Oxygen vacancy mediated oxidative reforming of polylactic acid to hydrocarbon

Degradable plastic, while attractive, pose environmental risks due to easy microplastics production. This study targets converting degradable plastics into high-value chemicals to address plastic pollution and resource utilization. Improving product selectivity during oxide species-modulated plastic conversion remains challenging in Fenton-like processes. We propose a singlet oxygen ( 1 O 2 )-driven strategy for selective polylactic acid (PLA) conversion to hydrocarbons. Peroxymonosulfate (PMS) is activated by Cu-Mg co-doped 3D nickel sulfides with oxygen vacancies . More vacancies lower the O-O bond breakage energy in PMS and enhance 1 O 2 generation. As designed, C α -O sites of PLA are electrophilicly attacked by 1 O 2 . 1 O 2 provides suitable energy for hydrogen extraction from tertiary C α -H and methyl C-H, generating vital R-COO • and R • . Hydrocarbons are formed after CO 2 removal from R-COO • . 1 O 2 -initiated radicals generation overcomes key barriers in PLA conversion.
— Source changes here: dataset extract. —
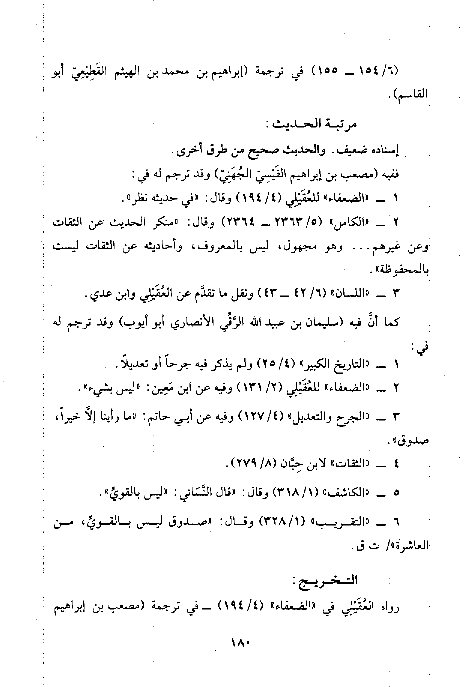 ١ - "الضعفاء" للعُقَيْلِي (٤/ ١٩٤) وقال: "في حديثه نظر".

Impressively, Techno-economic analysis (TEA) and life cycle assessment (LCA) suggest that the process can effectively reduce carbon emissions and provide favorable economic benefits. This hydrothermal oxidation process is expected to solve the issues of environmental pollution and carbon waste caused by PLA. The present development has great potential for recycling of carbon resources with a negligible environmental footprint. • Oxygen vacancies promote O-O bond breaking in PMS and 1O2 generation. • 1O2 attacks the Cα-O sites of PLA electrophilically to realize depolymerization. • PLA was directionally converted into hydrocarbons via vital R-COO• and R•. • High-value conversion PLA reduces carbon emissions and increases economic benefits.